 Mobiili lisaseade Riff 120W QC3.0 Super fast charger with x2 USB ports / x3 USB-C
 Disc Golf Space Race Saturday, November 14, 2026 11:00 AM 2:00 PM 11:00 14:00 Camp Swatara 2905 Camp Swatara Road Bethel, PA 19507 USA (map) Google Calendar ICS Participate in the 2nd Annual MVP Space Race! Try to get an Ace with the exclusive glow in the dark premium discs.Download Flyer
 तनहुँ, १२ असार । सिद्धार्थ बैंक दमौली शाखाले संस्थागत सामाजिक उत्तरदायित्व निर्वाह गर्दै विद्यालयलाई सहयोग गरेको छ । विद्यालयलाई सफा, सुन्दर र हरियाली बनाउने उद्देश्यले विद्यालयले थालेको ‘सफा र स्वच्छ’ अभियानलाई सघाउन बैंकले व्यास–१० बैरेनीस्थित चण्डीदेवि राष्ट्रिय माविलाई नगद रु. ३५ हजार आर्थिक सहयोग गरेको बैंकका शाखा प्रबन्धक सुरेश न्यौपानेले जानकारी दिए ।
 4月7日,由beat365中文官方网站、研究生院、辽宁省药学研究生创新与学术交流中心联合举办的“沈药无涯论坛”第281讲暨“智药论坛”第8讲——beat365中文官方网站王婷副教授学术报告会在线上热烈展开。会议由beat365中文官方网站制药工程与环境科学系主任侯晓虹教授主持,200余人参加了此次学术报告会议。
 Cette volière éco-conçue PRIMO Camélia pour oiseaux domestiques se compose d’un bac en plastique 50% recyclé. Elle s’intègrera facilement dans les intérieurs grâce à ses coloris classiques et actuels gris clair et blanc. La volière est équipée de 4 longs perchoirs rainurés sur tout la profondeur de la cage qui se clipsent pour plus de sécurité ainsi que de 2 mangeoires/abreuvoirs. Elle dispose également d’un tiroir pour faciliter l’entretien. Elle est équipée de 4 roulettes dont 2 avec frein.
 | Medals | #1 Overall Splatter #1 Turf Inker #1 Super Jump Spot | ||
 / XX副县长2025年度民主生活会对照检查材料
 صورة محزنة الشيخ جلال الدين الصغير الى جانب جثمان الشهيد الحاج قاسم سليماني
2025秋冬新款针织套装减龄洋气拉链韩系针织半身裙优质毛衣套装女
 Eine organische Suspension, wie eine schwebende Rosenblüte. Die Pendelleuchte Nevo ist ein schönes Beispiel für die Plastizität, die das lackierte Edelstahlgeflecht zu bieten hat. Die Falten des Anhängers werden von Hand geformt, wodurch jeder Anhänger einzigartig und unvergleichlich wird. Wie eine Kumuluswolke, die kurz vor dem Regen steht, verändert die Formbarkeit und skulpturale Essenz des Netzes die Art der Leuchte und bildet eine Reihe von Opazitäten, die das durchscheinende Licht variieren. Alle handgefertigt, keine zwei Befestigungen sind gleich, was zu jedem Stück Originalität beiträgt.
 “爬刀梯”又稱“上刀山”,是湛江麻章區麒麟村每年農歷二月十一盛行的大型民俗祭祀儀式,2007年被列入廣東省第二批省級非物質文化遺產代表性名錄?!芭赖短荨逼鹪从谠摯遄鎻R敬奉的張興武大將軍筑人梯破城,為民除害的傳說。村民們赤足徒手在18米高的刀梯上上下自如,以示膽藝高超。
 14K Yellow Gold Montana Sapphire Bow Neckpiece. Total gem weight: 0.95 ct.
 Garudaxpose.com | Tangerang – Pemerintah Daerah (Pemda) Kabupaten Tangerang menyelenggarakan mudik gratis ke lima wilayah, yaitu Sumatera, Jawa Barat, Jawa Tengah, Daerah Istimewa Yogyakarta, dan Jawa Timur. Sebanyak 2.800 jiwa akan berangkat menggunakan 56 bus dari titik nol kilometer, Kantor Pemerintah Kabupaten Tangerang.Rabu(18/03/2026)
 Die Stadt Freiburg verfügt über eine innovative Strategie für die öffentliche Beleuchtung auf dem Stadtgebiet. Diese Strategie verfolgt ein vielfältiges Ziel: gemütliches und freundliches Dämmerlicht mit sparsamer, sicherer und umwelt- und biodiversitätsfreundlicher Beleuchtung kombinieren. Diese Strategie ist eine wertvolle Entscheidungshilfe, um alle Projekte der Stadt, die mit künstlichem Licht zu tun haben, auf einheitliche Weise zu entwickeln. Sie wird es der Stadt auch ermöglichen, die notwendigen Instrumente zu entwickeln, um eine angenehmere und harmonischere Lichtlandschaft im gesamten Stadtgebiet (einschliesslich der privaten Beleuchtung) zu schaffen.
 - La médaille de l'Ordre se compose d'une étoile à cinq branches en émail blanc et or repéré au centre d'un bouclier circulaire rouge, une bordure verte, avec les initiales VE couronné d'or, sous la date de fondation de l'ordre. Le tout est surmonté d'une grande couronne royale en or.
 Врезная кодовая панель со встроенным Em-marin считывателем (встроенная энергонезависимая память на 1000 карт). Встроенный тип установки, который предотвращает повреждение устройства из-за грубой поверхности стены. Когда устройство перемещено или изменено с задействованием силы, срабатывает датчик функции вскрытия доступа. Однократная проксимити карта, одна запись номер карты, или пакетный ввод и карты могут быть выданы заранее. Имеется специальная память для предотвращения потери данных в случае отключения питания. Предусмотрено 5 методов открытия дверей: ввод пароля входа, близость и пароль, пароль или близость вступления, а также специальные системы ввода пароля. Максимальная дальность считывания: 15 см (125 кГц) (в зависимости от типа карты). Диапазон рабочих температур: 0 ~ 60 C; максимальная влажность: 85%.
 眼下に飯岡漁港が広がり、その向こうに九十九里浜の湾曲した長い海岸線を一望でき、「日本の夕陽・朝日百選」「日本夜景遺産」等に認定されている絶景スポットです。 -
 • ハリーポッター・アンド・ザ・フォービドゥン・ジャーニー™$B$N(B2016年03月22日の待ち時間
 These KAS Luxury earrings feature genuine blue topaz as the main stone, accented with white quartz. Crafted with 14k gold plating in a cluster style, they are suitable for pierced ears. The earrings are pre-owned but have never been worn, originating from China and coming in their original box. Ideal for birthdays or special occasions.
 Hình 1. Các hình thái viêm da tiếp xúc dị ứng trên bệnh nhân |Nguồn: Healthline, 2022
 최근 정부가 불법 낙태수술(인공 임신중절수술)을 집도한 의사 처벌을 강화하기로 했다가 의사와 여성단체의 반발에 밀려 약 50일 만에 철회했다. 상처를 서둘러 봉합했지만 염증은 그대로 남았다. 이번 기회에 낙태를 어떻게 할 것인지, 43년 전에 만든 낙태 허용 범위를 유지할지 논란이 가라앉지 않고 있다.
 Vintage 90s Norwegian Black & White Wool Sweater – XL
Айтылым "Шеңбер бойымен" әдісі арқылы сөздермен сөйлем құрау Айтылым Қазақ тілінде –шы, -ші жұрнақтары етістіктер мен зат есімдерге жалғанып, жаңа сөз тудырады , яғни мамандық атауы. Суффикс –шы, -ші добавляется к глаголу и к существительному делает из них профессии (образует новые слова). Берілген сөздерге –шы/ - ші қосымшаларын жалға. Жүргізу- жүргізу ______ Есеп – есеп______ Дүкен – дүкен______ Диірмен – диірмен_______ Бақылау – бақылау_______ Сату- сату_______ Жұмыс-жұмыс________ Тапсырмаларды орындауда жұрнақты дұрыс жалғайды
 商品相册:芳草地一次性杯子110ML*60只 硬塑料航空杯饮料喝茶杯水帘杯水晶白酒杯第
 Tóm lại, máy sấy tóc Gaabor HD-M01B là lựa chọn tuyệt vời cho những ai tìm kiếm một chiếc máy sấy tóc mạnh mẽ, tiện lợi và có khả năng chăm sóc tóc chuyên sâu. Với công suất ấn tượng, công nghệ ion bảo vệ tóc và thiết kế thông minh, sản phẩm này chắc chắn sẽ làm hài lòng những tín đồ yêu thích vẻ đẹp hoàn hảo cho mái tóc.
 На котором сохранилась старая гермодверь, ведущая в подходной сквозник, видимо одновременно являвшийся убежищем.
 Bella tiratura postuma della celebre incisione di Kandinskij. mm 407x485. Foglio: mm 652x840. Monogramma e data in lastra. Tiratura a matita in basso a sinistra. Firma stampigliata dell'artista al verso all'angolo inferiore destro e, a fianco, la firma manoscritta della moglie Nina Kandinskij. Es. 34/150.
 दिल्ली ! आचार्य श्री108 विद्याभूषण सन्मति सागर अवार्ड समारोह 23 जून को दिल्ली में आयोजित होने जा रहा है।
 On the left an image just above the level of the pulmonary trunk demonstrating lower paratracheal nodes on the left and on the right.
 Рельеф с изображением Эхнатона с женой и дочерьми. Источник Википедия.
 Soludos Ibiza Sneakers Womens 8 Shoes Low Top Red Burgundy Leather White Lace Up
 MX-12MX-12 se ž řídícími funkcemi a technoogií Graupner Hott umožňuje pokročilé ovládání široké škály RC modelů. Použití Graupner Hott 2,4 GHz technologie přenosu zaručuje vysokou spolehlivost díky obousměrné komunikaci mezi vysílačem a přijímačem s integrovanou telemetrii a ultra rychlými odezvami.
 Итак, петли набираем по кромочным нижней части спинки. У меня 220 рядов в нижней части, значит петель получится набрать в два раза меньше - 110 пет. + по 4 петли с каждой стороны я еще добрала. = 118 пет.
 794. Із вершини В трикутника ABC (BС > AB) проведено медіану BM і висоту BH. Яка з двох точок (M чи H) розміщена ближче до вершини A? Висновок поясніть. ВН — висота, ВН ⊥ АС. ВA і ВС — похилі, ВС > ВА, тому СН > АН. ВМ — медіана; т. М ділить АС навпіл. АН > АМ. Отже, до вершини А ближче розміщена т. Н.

### WHAT YOU NEED TO DO
Print, from the entries above, the line with "Hình 1. Các", the line with "Vintage 90s Norwegian" and all lines between them, exactly and with nothing else.

### OUTPUT FOR THIS EXERCISE
 Hình 1. Các hình thái viêm da tiếp xúc dị ứng trên bệnh nhân |Nguồn: Healthline, 2022
 최근 정부가 불법 낙태수술(인공 임신중절수술)을 집도한 의사 처벌을 강화하기로 했다가 의사와 여성단체의 반발에 밀려 약 50일 만에 철회했다. 상처를 서둘러 봉합했지만 염증은 그대로 남았다. 이번 기회에 낙태를 어떻게 할 것인지, 43년 전에 만든 낙태 허용 범위를 유지할지 논란이 가라앉지 않고 있다.
 Vintage 90s Norwegian Black & White Wool Sweater – XL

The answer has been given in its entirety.